🤖 AI Summary
To address the poor generalizability of morphology-specific control policies for legged robots, this paper proposes a two-stage teacher–student framework. First, dedicated reinforcement learning policies (teachers) are trained individually for five distinct legged morphologies. Second, knowledge from these teachers is distilled into a morphology-agnostic student policy implemented as a Transformer architecture. The student leverages self-attention to model inter-joint dynamical relationships across morphologies, enabling strong zero-shot generalization to unseen configurations. Experiments show that the student achieves 94.47% of teacher performance on trained morphologies and maintains 72.64% on entirely unseen ones. Moreover, the student policy is successfully deployed on a real quadrupedal robot. This work represents the first application of Transformers to cross-morphology policy distillation in legged robotics, significantly advancing the performance and generalizability of universal locomotion controllers.
📝 Abstract
Developing controllers that generalize across diverse robot morphologies remains a significant challenge in legged locomotion. Traditional approaches either create specialized controllers for each morphology or compromise performance for generality.
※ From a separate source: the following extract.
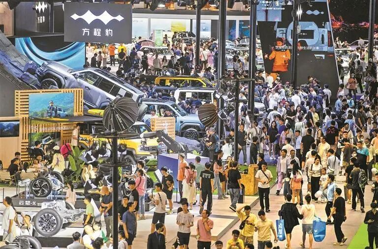 粤港澳大湾区车展上,比亚迪新能源汽车受到国内外消费者追捧。 深圳特区报记者 赖犁 摄
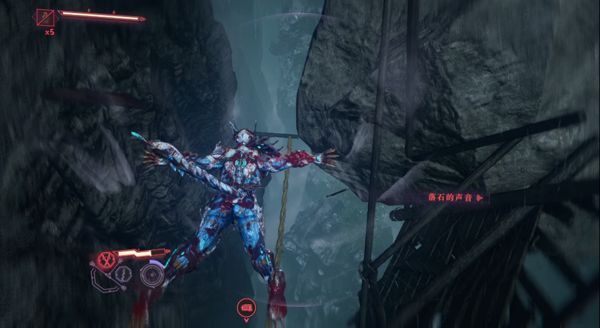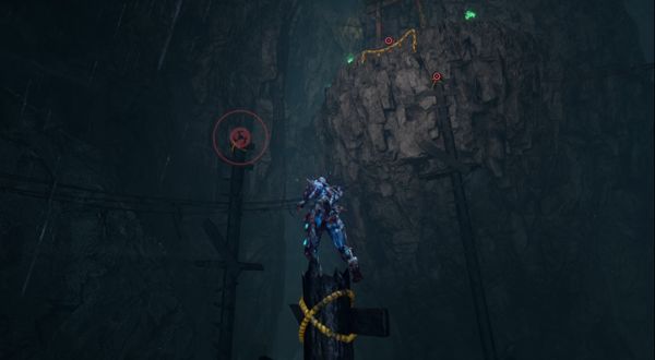 在隨后,我們的道路會被巨石破壞,然后急速墜落,此時注意滑索位置。

This paper introduces a two-stage teacher-student framework that bridges this gap through policy distillation. First, we train specialized teacher policies optimized for individual morphologies, capturing the unique optimal control strategies for each robot design. Then, we distill this specialized expertise into a single Transformer-based student policy capable of controlling robots with varying leg configurations. Our experiments across five distinct legged morphologies demonstrate that our approach preserves morphology-specific optimal behaviors, with the Transformer architecture achieving 94.47% of teacher performance on training morphologies and 72.64% on unseen robot designs. Comparative analysis reveals that Transformer-based architectures consistently outperform MLP baselines by leveraging attention mechanisms to effectively model joint relationships across different kinematic structures. We validate our approach through successful deployment on a physical quadruped robot, demonstrating the practical viability of our morphology-agnostic control framework. This work presents a scalable solution for developing universal legged robot controllers that maintain near-optimal performance while generalizing across diverse morphologies.